The end of summer and back to school season brings with it a series of mixed emotions. Kids and parents alike are feeling a sense of sadness that the freedom of summer is over and excitement and nervousness for the start of the new school year.

Tips for a smooth transition

It can be a hard transition for everyone, but here are some ideas to help make the process go more smoothly.

  1. Create structure and schedule

Most of us like to know ahead of time what our work/school day will look like. Research shows that when kids know what to expect, they feel safer and more secure. Create routines for the school day, so your child can mentally and physically prepare for the day. For younger kids, it can be a poster in the kitchen. For older kids you can share the calendar with them on their phones.

  1. Test run

Most schools offer a tour or back to school day. Make sure your kids have a chance to participate in these experiences so they can familiarize themselves with the school. If they are riding the bus, walk them to the bus stop and help them figure out what time to leave to catch it. Plan a drop off and pick up spot if you’re driving them.

  1. Sleep habits

Most kids’ sleep schedules get thrown off during the summer time. Later bedtimes and sleeping in might work when school is out but can wreak havoc once school starts. Kids need 8-10 hours of sleep a night, but most adolescents get less than that. Changing sleep schedules on the weekends can also have negative consequences. Research shows that sleep deficits can not be restored by going to bed later and waking up later. These sleep deficits can lead to lower academic performance and increase risky behaviors.

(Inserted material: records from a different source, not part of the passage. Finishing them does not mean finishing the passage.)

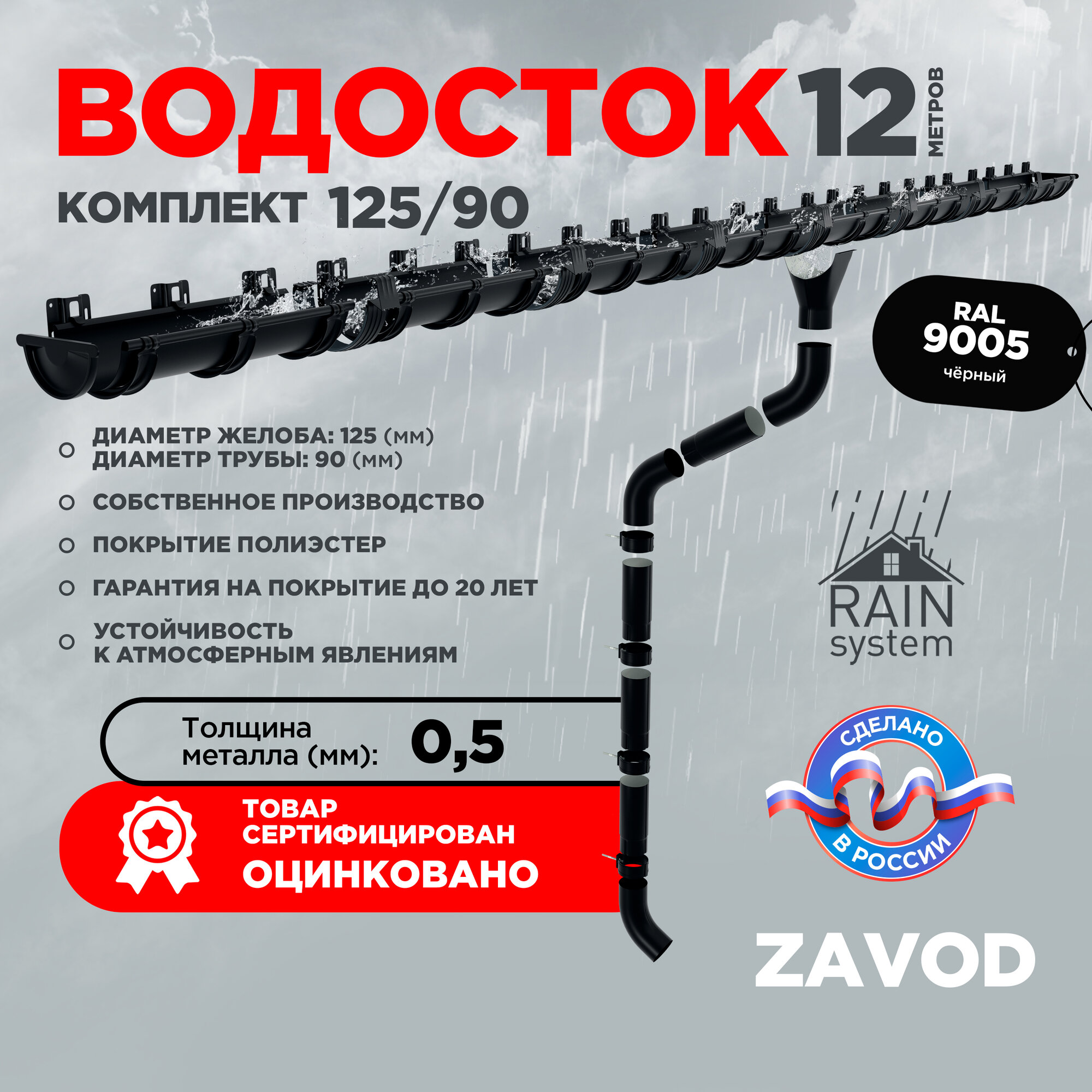 Купить Водосточная система RAIN SYSTEM/ Комплект на 12 метров, цвет 9005 с доставкой по всей России. Водосточная система RAIN SYSTEM/ Комплект на 12 метров, цвет 9005: сравнение цен, характеристики, фото, актуальное наличие и цены.
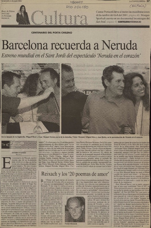Barcelona recuerda a Neruda Estreno mundial en el Saint Jordi del espectáculo "Neruda en ele corazón" [artículo] :
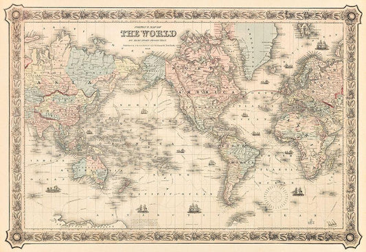 Coltons Map of the World on Mercators Projection 1858 White Modern Wood Framed Art Print with Double Matting by J H Colton and Co

  1. Rituals of connection

There are small moments throughout the day that provide opportunities for connecting with your child. These are what Dr. John Gottman calls Rituals of Connection. Maybe it is your good morning routine, how you say goodbye, a note in a lunch box, a debrief after school, or some time after dinner where you take the dog for a walk. Building in regular, consistent and intentional times to connect will help your child feel more connected to you and to the people around them. Other benefits include less emotional distress, longer attention spans and increased self esteem. Remember the small moments add up!

  1. Small things often

This concept taken from what  successful couples do can easily be translated into parenting. It is really about the little things versus grand gestures that make a relationship strong and healthy. Here are some examples:

  • Be curious: Your child’s love maps change too. Ask questions about their likes/dislikes, views of the world, etc. It is a time for you to just listen.
  • Turn towards your child. As they get older the bids will be less frequent and not so obvious, so it is important to be on the lookout for them!
  • Positive perspective: Watch for your child to do something you’re proud of and tell them.
  • Repair: When a negative interaction occurs, that’s ok! It is an opportunity to go back to your child, acknowledge what happened and take responsibility for your part in it.

Final thoughts

The back to school season can be stressful for families, but using these research-back tips can help ease the transition. Use the season as an opportunity to create new rituals with your children and as a family. Self care is also important during this time. Ensuring that you are taking care of your physical and mental health is important and will teach your child healthy habits. Using tools like meditation, mindfulness or taking walks can reduce your stress during this time and contribute to your overall wellbeing.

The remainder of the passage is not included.